Working data: Begin
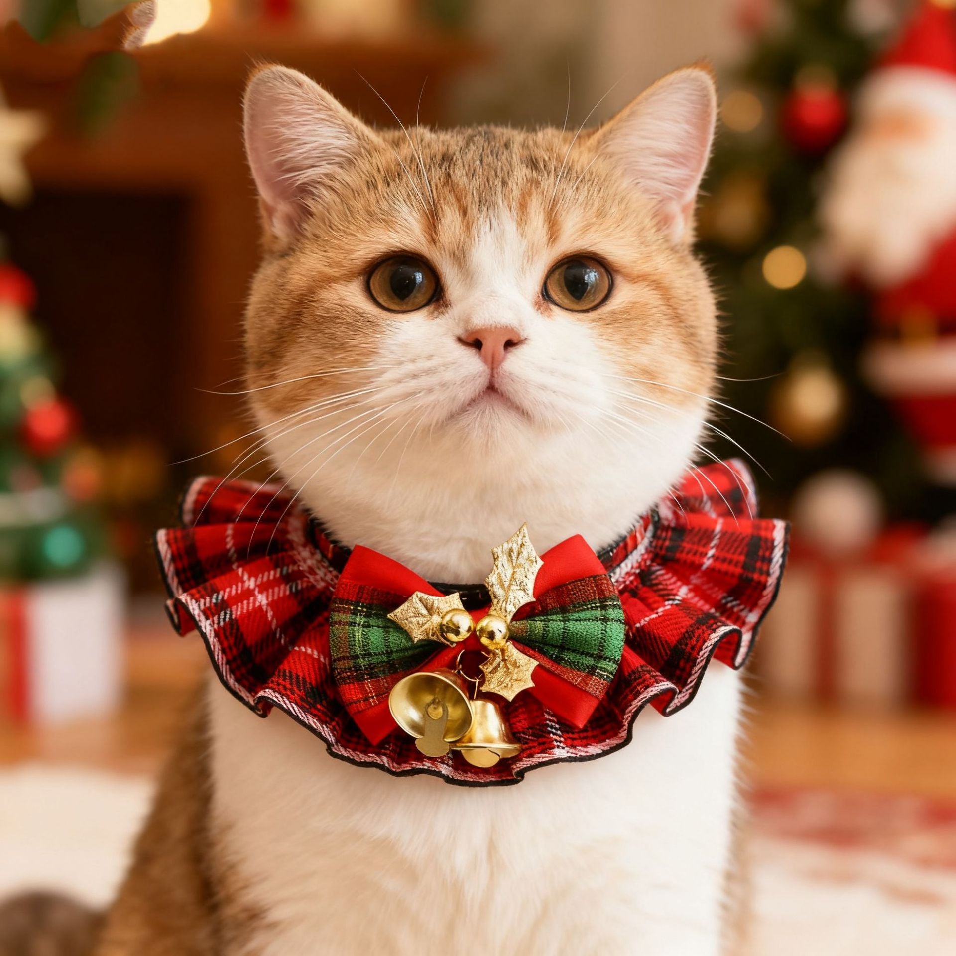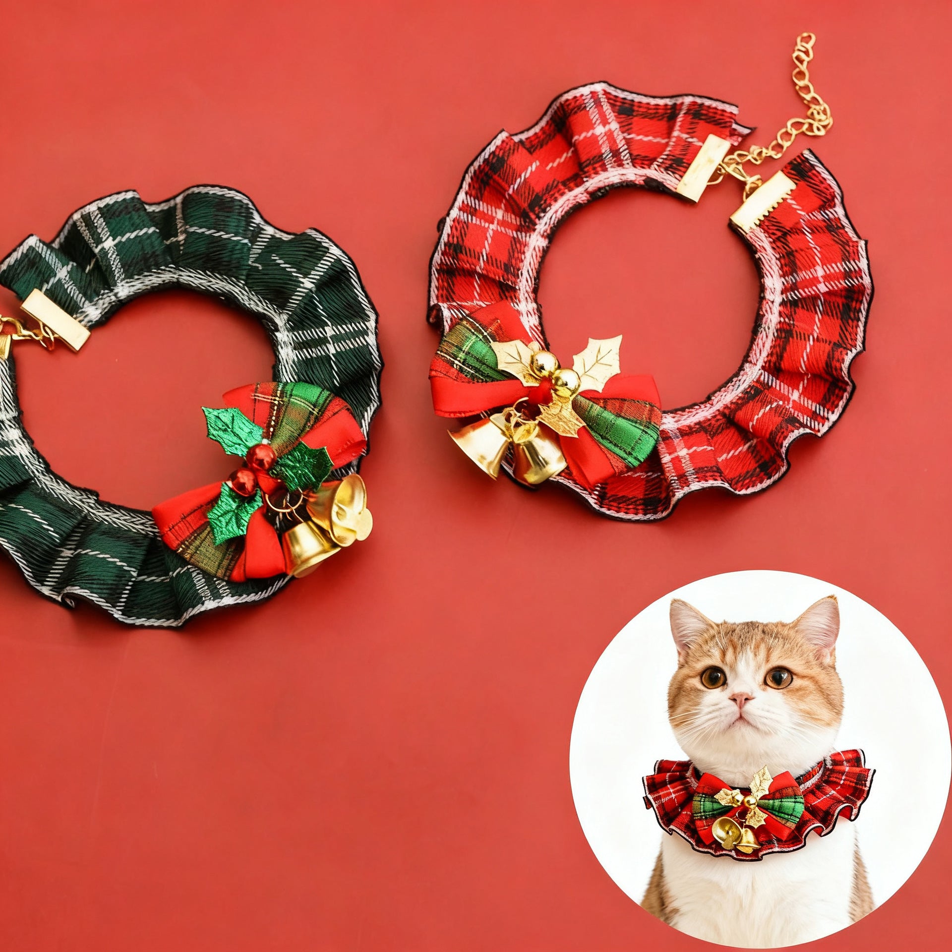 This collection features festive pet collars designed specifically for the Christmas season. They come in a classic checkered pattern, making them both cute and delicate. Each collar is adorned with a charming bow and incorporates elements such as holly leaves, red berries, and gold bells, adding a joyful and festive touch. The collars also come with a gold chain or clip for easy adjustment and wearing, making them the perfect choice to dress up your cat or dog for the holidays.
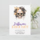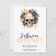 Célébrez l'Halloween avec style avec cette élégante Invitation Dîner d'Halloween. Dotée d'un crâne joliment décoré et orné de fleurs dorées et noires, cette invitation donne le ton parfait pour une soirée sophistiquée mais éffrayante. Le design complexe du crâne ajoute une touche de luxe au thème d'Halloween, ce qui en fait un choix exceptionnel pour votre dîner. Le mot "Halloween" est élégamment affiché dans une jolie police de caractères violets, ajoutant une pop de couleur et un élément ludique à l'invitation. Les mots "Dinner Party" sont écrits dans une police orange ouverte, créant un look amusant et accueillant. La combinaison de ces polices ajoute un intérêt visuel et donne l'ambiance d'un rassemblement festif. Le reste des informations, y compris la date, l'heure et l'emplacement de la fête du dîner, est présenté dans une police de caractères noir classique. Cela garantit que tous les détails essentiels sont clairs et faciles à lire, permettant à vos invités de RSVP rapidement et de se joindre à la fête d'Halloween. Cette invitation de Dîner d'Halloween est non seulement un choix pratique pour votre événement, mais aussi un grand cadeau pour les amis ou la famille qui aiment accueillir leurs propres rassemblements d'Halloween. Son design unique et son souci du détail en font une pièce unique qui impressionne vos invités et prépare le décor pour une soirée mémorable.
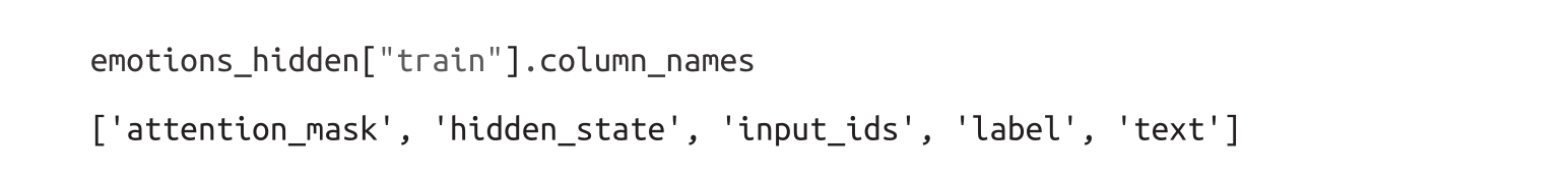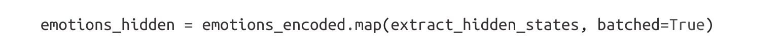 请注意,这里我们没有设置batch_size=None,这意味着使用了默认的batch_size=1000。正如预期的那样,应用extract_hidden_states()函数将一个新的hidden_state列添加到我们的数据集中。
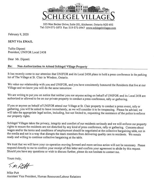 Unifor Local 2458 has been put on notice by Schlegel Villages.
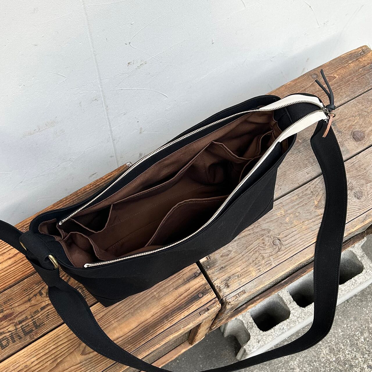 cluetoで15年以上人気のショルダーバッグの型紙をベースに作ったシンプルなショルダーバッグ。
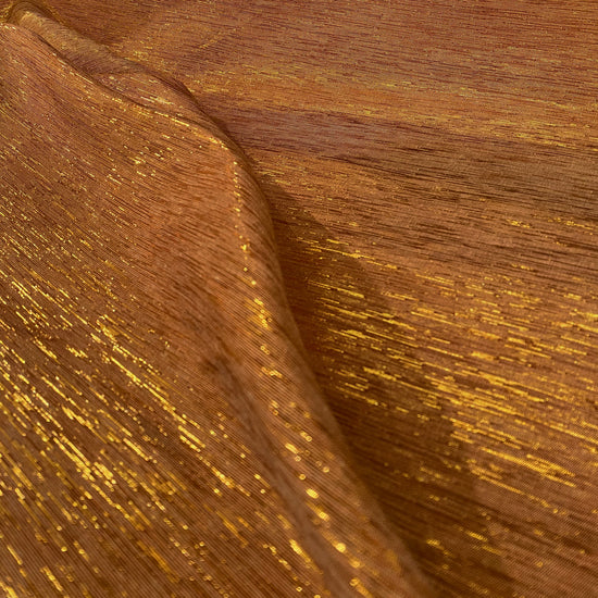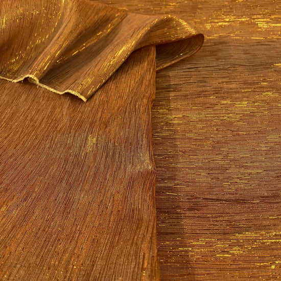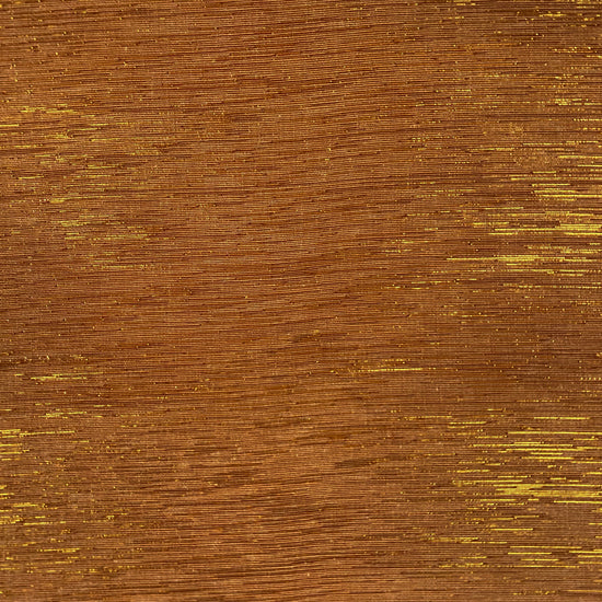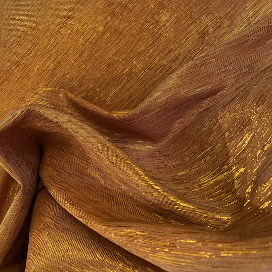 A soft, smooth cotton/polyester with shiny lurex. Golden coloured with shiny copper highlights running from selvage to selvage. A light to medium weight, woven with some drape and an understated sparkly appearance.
Working data: End
Working data: Begin
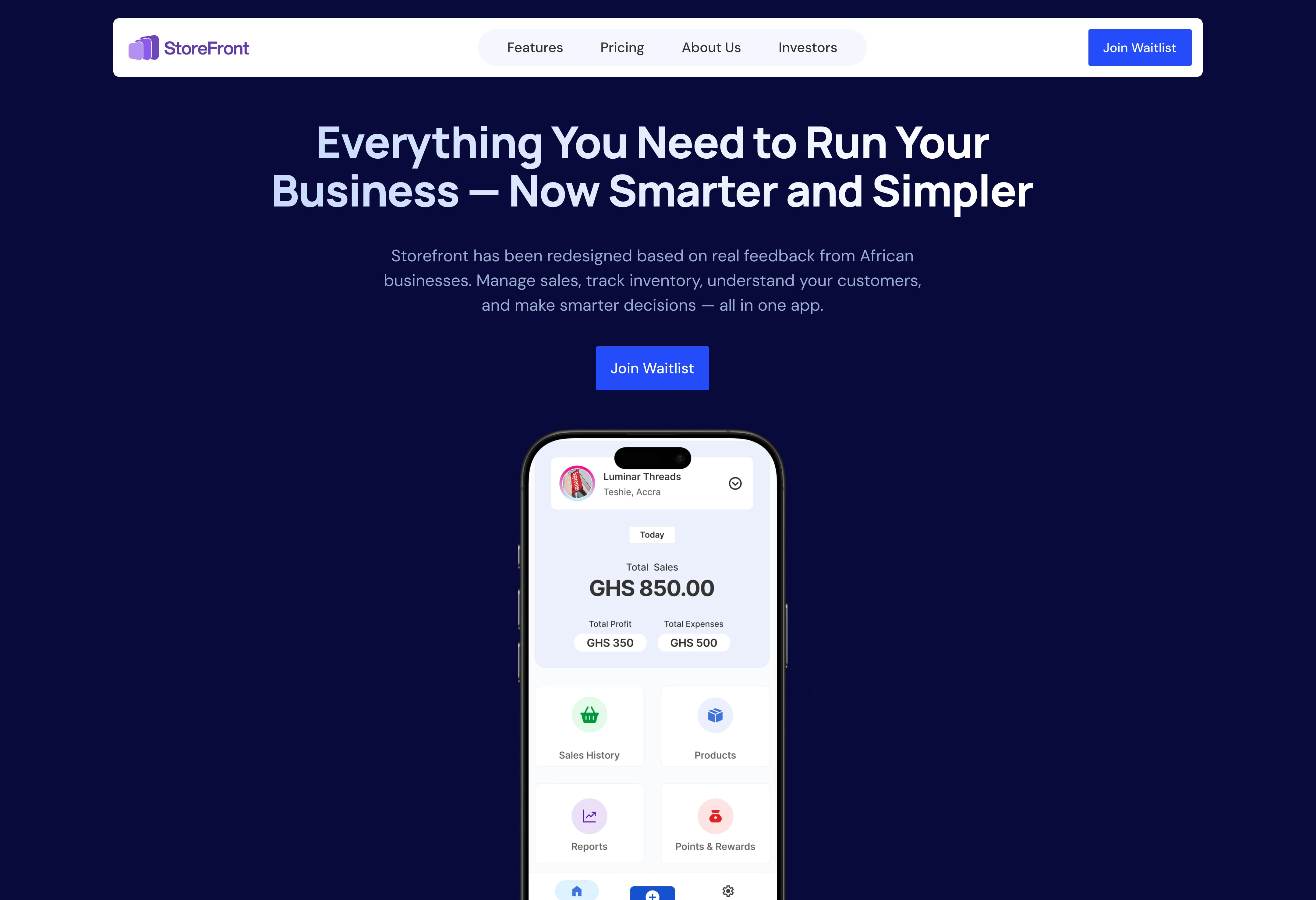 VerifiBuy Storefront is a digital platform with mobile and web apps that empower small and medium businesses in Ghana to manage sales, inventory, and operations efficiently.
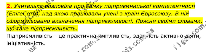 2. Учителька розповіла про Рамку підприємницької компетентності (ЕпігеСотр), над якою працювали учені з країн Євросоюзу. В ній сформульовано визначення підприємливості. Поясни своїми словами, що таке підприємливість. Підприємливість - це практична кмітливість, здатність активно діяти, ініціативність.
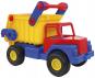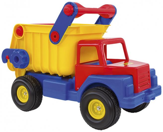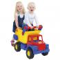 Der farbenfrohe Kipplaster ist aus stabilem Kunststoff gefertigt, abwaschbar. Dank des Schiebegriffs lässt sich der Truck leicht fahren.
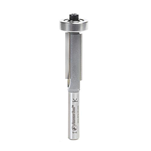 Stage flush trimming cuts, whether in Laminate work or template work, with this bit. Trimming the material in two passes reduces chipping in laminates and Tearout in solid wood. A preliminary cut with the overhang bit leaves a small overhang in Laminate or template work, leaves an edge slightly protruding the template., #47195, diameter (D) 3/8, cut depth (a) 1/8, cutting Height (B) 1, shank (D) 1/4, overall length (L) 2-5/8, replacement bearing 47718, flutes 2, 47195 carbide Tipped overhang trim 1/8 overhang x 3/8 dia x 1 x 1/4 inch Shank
Working data: End
• [What to do]
Since the pictures are not part of the copy, please transcribe only the lines above from the one with "请注意,这里我们没有设置ba" through the one with "cluetoで15年以上人気", exactly and with both ends.

• [Answer to this exercise]
 请注意,这里我们没有设置batch_size=None,这意味着使用了默认的batch_size=1000。正如预期的那样,应用extract_hidden_states()函数将一个新的hidden_state列添加到我们的数据集中。
 Unifor Local 2458 has been put on notice by Schlegel Villages.
 cluetoで15年以上人気のショルダーバッグの型紙をベースに作ったシンプルなショルダーバッグ。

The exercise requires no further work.